Dataset entries START

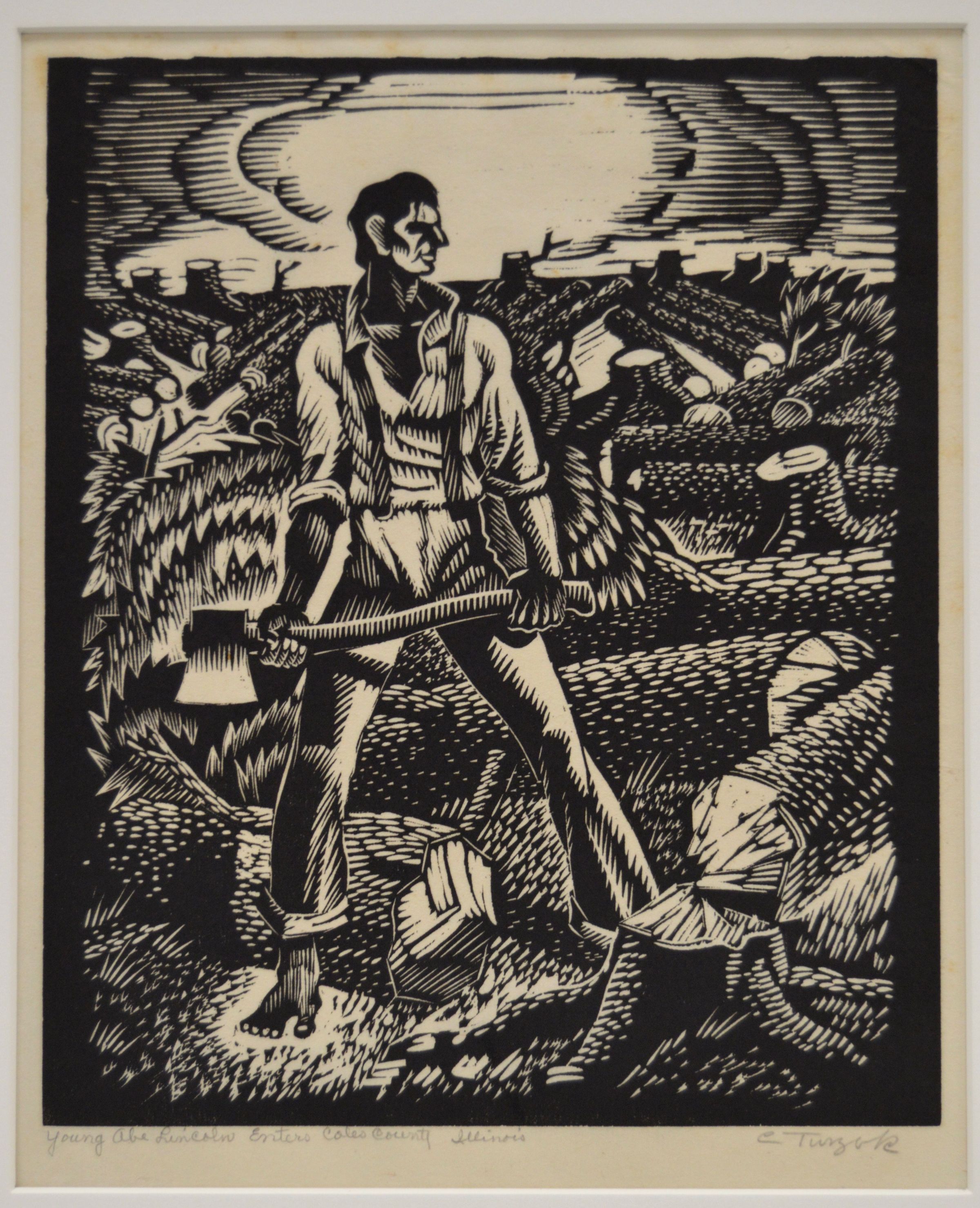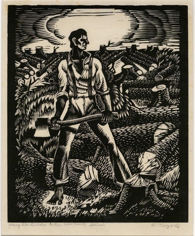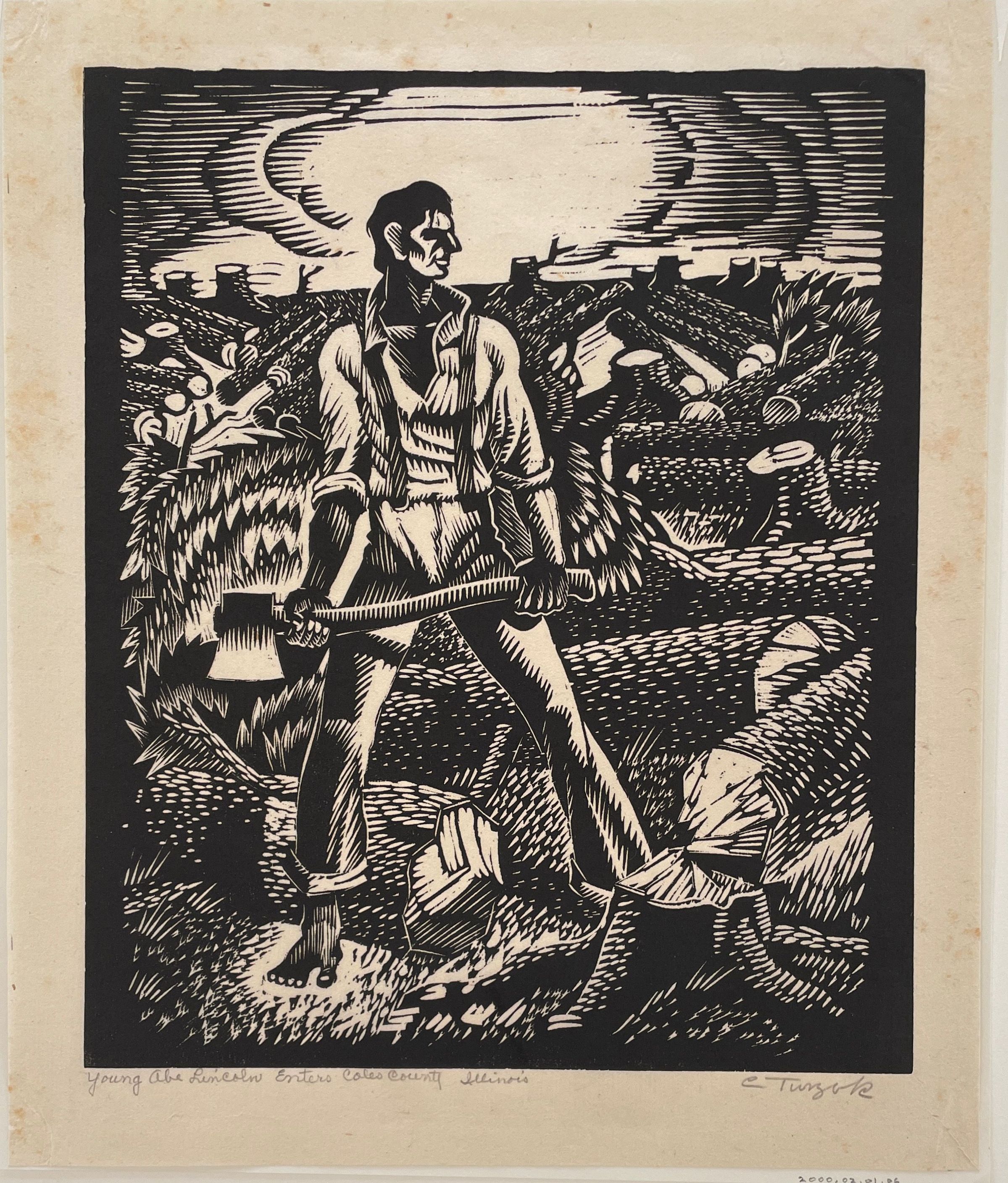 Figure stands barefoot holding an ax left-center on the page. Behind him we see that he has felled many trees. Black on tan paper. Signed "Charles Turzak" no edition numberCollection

Dataset entries END
Dataset entries START

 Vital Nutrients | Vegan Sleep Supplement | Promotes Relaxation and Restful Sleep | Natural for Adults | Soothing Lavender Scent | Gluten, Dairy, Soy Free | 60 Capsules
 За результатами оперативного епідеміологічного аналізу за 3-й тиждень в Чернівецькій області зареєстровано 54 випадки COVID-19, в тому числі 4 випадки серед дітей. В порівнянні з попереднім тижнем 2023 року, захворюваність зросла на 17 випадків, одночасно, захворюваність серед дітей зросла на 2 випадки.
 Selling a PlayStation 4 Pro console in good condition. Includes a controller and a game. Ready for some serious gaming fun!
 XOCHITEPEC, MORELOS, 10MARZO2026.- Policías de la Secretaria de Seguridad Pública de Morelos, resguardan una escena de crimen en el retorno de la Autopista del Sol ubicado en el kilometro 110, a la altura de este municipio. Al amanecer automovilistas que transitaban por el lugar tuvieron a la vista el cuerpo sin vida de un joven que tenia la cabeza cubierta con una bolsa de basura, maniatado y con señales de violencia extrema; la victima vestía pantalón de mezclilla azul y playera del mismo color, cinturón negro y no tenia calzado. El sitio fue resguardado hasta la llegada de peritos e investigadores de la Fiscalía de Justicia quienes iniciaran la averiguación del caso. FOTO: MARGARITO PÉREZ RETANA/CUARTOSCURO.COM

Dataset entries END

Work to complete: Wherever the line holding "Selling a PlayStation" falls in the entries above, copy exactly from it through the line holding "XOCHITEPEC, MORELOS, 10MARZO2026.- Policías", inclusive, and add nothing.

Solution for this exercise:
 Selling a PlayStation 4 Pro console in good condition. Includes a controller and a game. Ready for some serious gaming fun!
 XOCHITEPEC, MORELOS, 10MARZO2026.- Policías de la Secretaria de Seguridad Pública de Morelos, resguardan una escena de crimen en el retorno de la Autopista del Sol ubicado en el kilometro 110, a la altura de este municipio. Al amanecer automovilistas que transitaban por el lugar tuvieron a la vista el cuerpo sin vida de un joven que tenia la cabeza cubierta con una bolsa de basura, maniatado y con señales de violencia extrema; la victima vestía pantalón de mezclilla azul y playera del mismo color, cinturón negro y no tenia calzado. El sitio fue resguardado hasta la llegada de peritos e investigadores de la Fiscalía de Justicia quienes iniciaran la averiguación del caso. FOTO: MARGARITO PÉREZ RETANA/CUARTOSCURO.COM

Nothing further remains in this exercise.